### Task statement
Below are some records; copy them word for word and drop the pictures.

### Data to process
:::

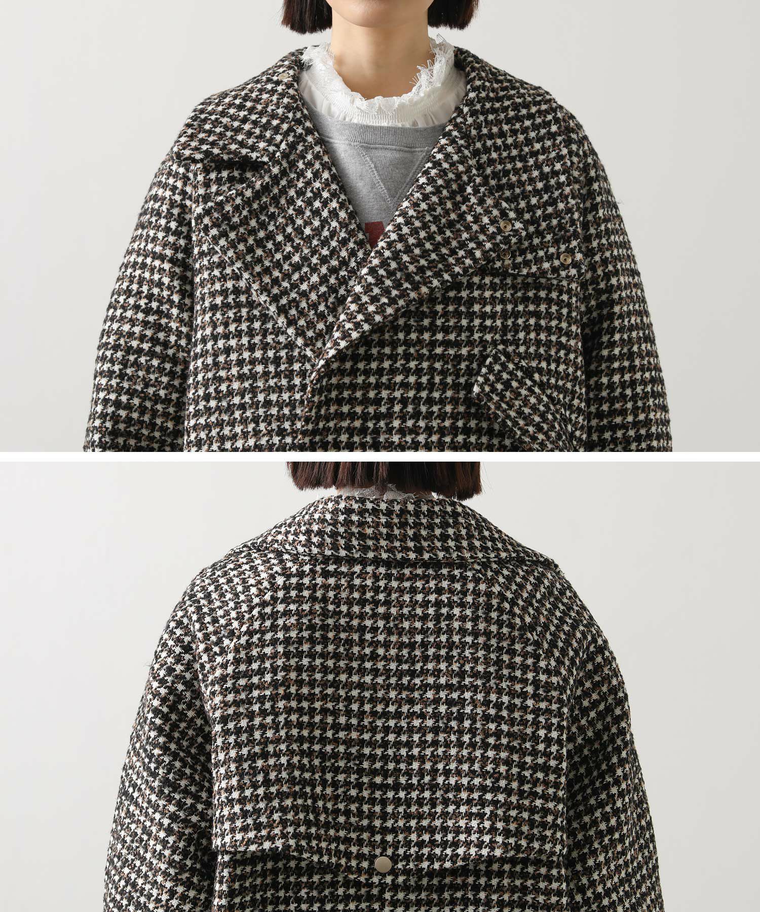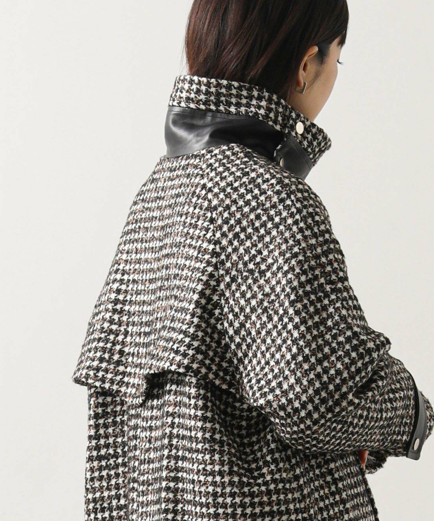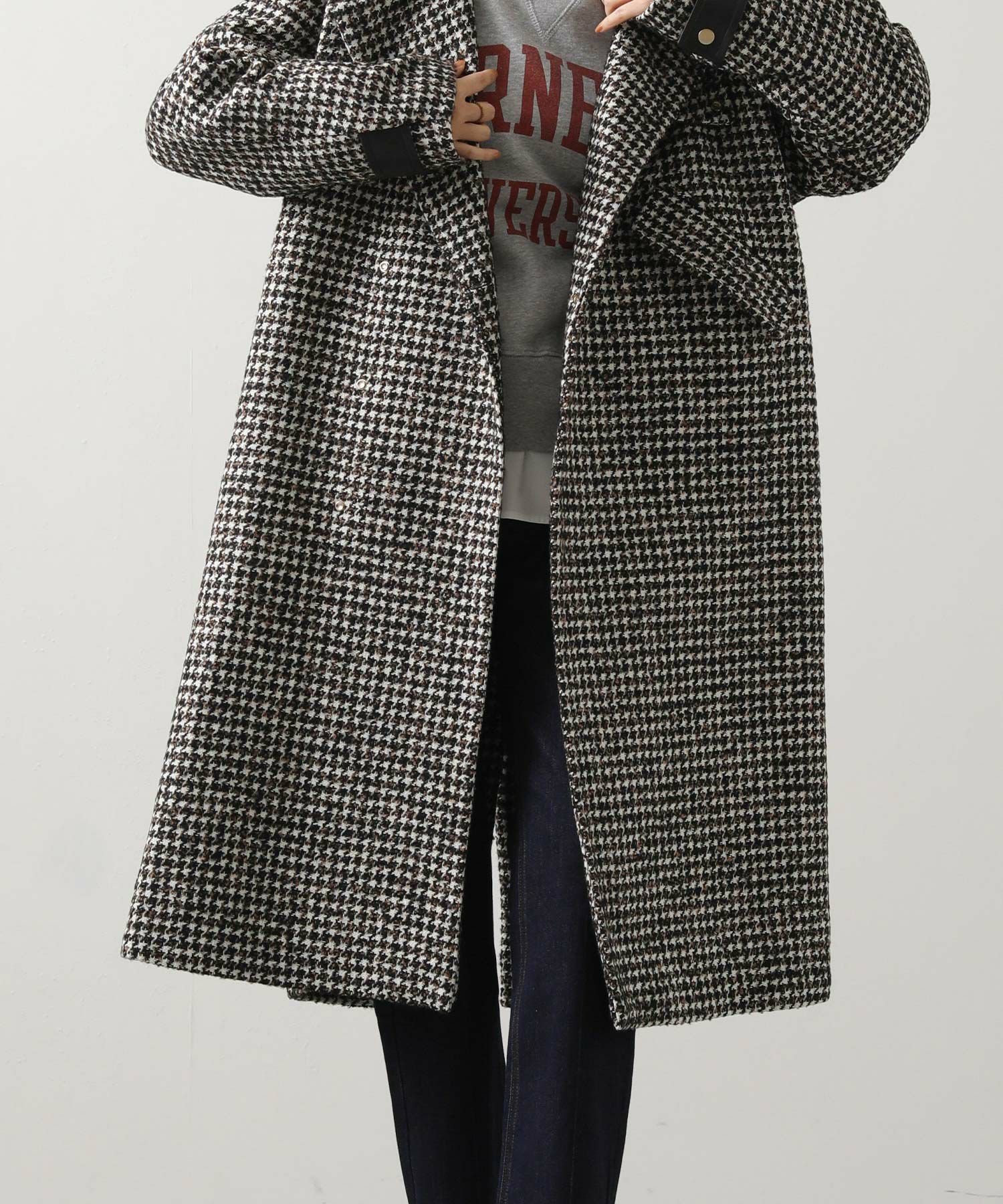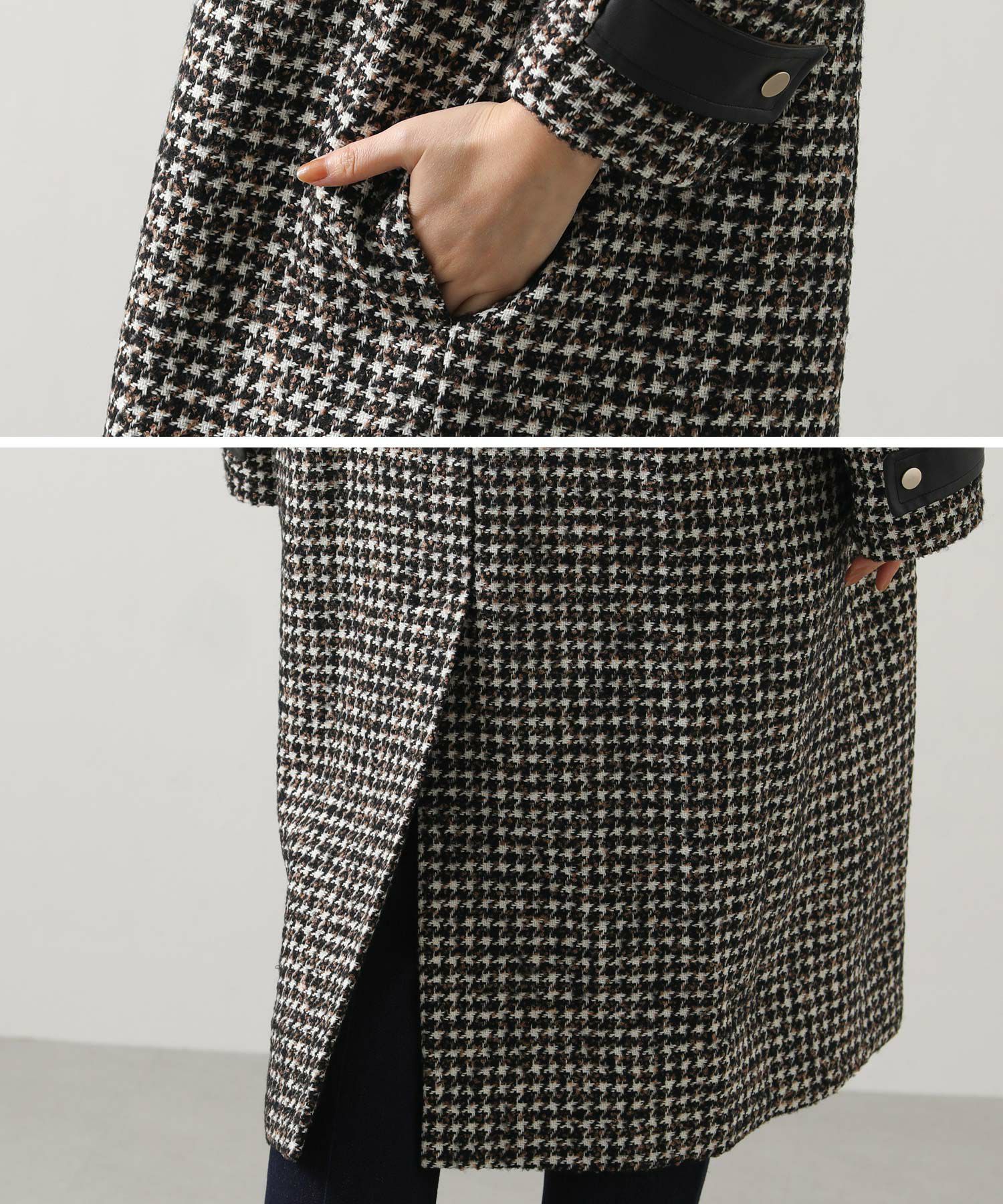 【LalliaMù(ラリア・ムー)】から、冬のスタイルに華やかさをプラスする、千鳥格子柄のロングコートをセレクト。
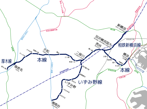 - Линия Сотэцу от станции Иокогама в городе Иокогама до станции Эбина в городе Эбина, 18 станций, 24,6 км.
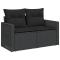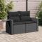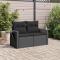 Canapé de jardin avec coussins 2 places noir résine tresséeDétendez-vous et profitez de l'extérieur dans ce confortable canapé de jardin 2 places ! Matériau durable : la résine tressée, également connue sous le nom de poly rotin, est un matériau synthétique solide et nécessitant peu d'entretien qui ressemble au rotin naturel. Il est léger, facile à nettoyer et couramment utilisé pour les meubles d'extérieur en raison de sa durabilité et de ses propriétés de résistance aux intempéries.Table d'appoint pratique : ce mobilier d'extérieur comprend une table d'appoint pliable avec un ressort à gaz sur les accoudoirs, offrant un endroit pratique pour garder vos essentiels à portée de main.Fonction de rangement avec sac résistant à l'eau : chaque siège de jardin dispose d'un espace de rangement sous l'assise, complété par un sac résistant à l'eau pour ranger les coussins, les jouets et d'autres objets. Les sacs intérieurs sont dotés d'un couvercle et peuvent être solidement fixés aux sièges à l'aide des bandes auto-agrippantes pour plus de stabilité.Expérience d'assise confortable : ce mobilier d'extérieur, doté de coussins épais, offre une expérience d'assise confortable.Housse amovible et lavable : ces coussins de siège sont dotés de housses amovibles pour un lavage et un entretien faciles. Bon à savoir :Pour que vos meubles d'extérieur restent beaux, nous vous recommandons de les protéger avec une housse imperméable.
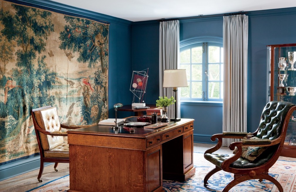 Восточный орнамент гобелена органично вписывается в солидный интерьер дома
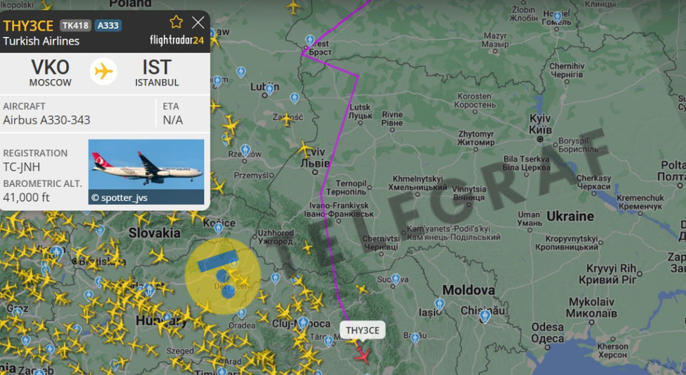 Рейс THY3CE/ТК418 авіакомпанії Turkish Airlines вилетів із Москви та перетнув повітряний простір України. За даними Flightradar24, борт міг пролетіти спочатку Білорусь, а потім перетнути повітряний простір України.
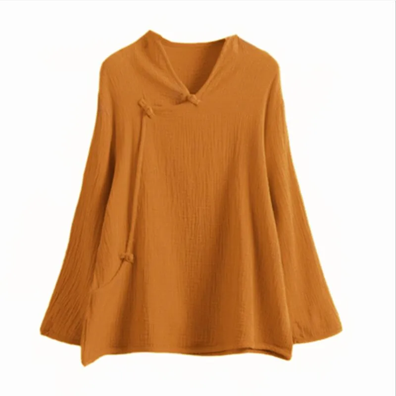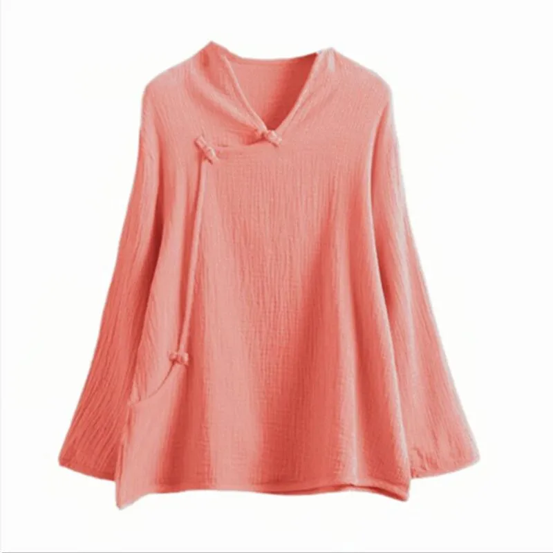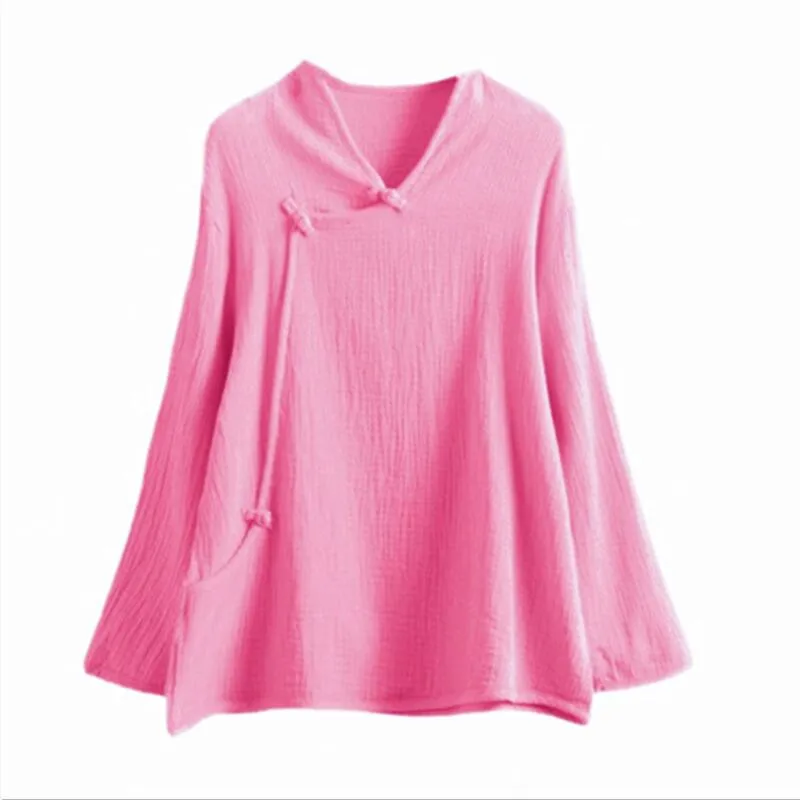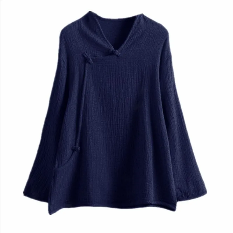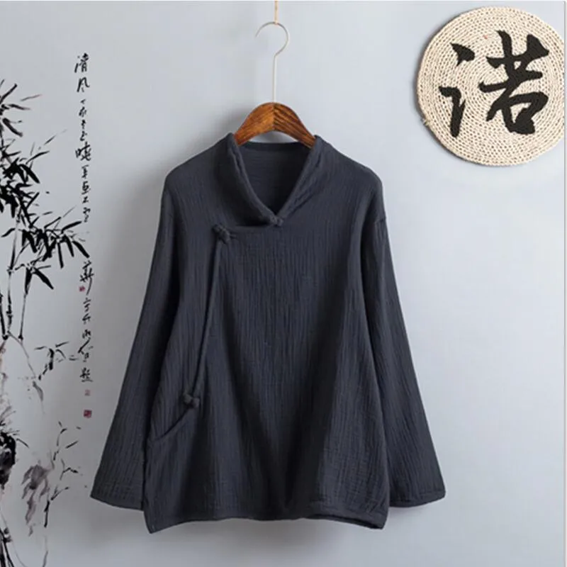 Женская винтажная блузка с длинным рукавом, модная Свободная Повседневная Трикотажная хлопковая льняная рубашка в китайском стиле, размер puls 5XL 6XL, осень 2021

:::

### Response to the exercise
 【LalliaMù(ラリア・ムー)】から、冬のスタイルに華やかさをプラスする、千鳥格子柄のロングコートをセレクト。
 - Линия Сотэцу от станции Иокогама в городе Иокогама до станции Эбина в городе Эбина, 18 станций, 24,6 км.
 Canapé de jardin avec coussins 2 places noir résine tresséeDétendez-vous et profitez de l'extérieur dans ce confortable canapé de jardin 2 places ! Matériau durable : la résine tressée, également connue sous le nom de poly rotin, est un matériau synthétique solide et nécessitant peu d'entretien qui ressemble au rotin naturel. Il est léger, facile à nettoyer et couramment utilisé pour les meubles d'extérieur en raison de sa durabilité et de ses propriétés de résistance aux intempéries.Table d'appoint pratique : ce mobilier d'extérieur comprend une table d'appoint pliable avec un ressort à gaz sur les accoudoirs, offrant un endroit pratique pour garder vos essentiels à portée de main.Fonction de rangement avec sac résistant à l'eau : chaque siège de jardin dispose d'un espace de rangement sous l'assise, complété par un sac résistant à l'eau pour ranger les coussins, les jouets et d'autres objets. Les sacs intérieurs sont dotés d'un couvercle et peuvent être solidement fixés aux sièges à l'aide des bandes auto-agrippantes pour plus de stabilité.Expérience d'assise confortable : ce mobilier d'extérieur, doté de coussins épais, offre une expérience d'assise confortable.Housse amovible et lavable : ces coussins de siège sont dotés de housses amovibles pour un lavage et un entretien faciles. Bon à savoir :Pour que vos meubles d'extérieur restent beaux, nous vous recommandons de les protéger avec une housse imperméable.
 Восточный орнамент гобелена органично вписывается в солидный интерьер дома
 Рейс THY3CE/ТК418 авіакомпанії Turkish Airlines вилетів із Москви та перетнув повітряний простір України. За даними Flightradar24, борт міг пролетіти спочатку Білорусь, а потім перетнути повітряний простір України.
 Женская винтажная блузка с длинным рукавом, модная Свободная Повседневная Трикотажная хлопковая льняная рубашка в китайском стиле, размер puls 5XL 6XL, осень 2021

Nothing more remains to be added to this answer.